You can find the Powerpoint slides presented at this session on the Library Technology Guides website.
This session ended up slightly different from what I interpreted the description in the program book to mean. It said "New models of what constitutes a library catalog are forming, and products are now beginning to embody aspects of this new vision. Breeding provides an overview of the library catalogs and interfaces now available or in development, including both commercial and open source alternatives." He did talk about the products, but at the end of the presentation. The majority involved the new model and what it should incorporate, most of which seemed like "Well, duh" information to me.
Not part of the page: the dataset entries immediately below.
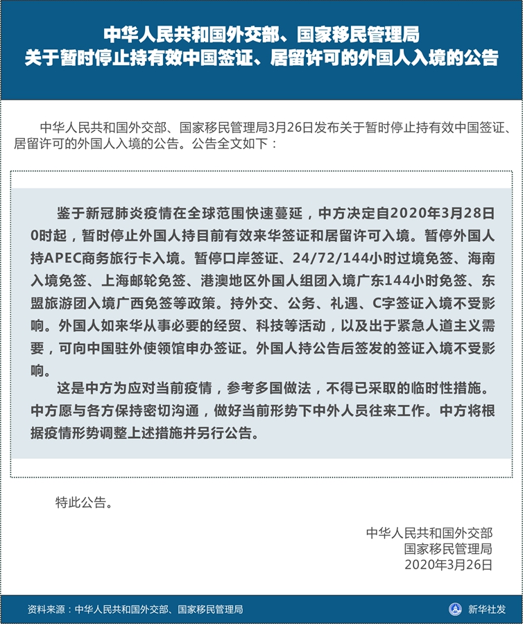 鉴于新冠肺炎疫情在全球范围快速蔓延,中方决定自2020年3月28日0时起,暂时停止外国人持目前有效来华签证和居留许可入境。暂停外国人持APEC商务旅行卡入境。暂停口岸签证、24/72/144小时过境免签、海南入境免签、上海邮轮免签、港澳地区外国人组团入境广东144小时免签、东盟旅游团入境广西免签等政策。持外交、公务、礼遇、C字签证入境不受影响。外国人如来华从事必要的经贸、科技等活动,以及出于紧急人道主义需要,可向中国驻外使领馆申办签证。外国人持公告后签发的签证入境不受影响。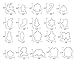 20 different designs - snowflake, gingerbread, Christmas stocking, Santa Claus, reindeer, bell, Christmas tree, snowman, sweater, bulb, glove, candy cane, angel, bowknot, house, gift, Christmas elf, cake, holly berries and snow globe.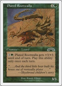 2G: Plated Rootwalla gets +3/+3 until end of turn. Play this ability only once each turn.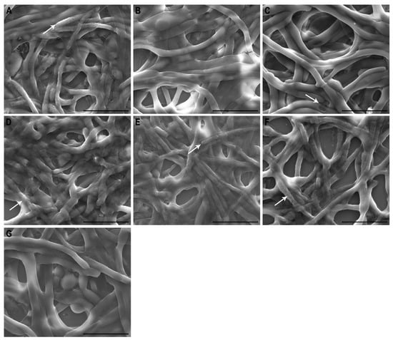 SEM images of C. albicans mature biofilms after different treatments. (A) Treatment with 100 µM ToAP2, (B) 100 µM NDBP-5.7, (C) 52 µM Fluconazole, (D) 1.08 µM Amphotericin B, (E) combination of ToAP2 and Amphotericin, (F) combination of ToAP2 and fluconazole, (G) untreated control. Scale bar: 10 µm. White arrows highlight morphological changes in biofilms after treatment in comparison to the control.

This was the session where I started thinking about the discrepancy in the stats that the University of Guelph, ProQuest, and the Pew Institute reported, of how students turned to the library for research, and the stats that others, including Breeding, cited that said people turned first to Google. I'd need to know more details about the studies that found people preferred Google - who were the patrons? what sort of information were they looking for? did they have access to university-level information resources? what's their education level? - before I could say who was right and who wasn't, or even if both were right depending on the circumstances.
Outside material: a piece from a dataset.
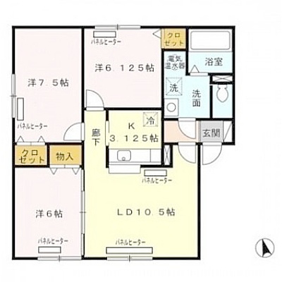 3LDK(73.35m²)└ LD10.5帖 K3.1帖 洋室7.5帖 洋室6.1帖 洋室6帖

And that was the point where I made a note to myself to propose a survey that asks our students where they go to research, and that makes a difference between quick lookups and in-depth research, so we can find out what our students are doing and how we can help them.
Breeding proposes a comprehensive search service. This is not a federated search, but a collection of metadata from all types of sources that could be searched. He acknowledges that there are a lot of cooperation problems involved, but patrons hate having to sign in to a number of different resources just to do one search.
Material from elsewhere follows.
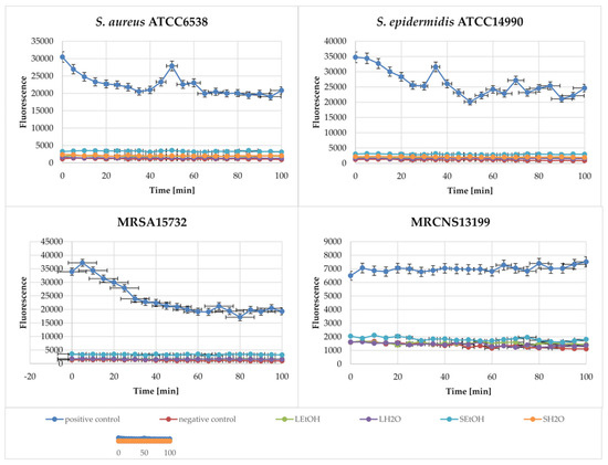 The presented results (Figure 5) show a high level of fluorescence in the case of the positive control, gramicidin. However, the extracts did not cause the rupture of the cell membrane in the cells of the bacterial strains, which is visible from the close-to-zero level of fluorescence of the marker present in the samples. A slightly higher level of fluorescence was noted in the samples where the MRCNS13199 strain was used.

This was the point where I made a note to investigate if it was possible to create a single sign-in for off-campus users that would persist through one session using different databases, because I know how annoying it is to have to sign in to every database you use. Although I suspect it's probably quite difficult, otherwise we'd have done it already.
I stopped making notes at this point, as his Powerpoint slides were pretty comprehensive, so shall refer you to them if you're interested in theoretical design of future catalogs, and what products are supplying some of this functionality already.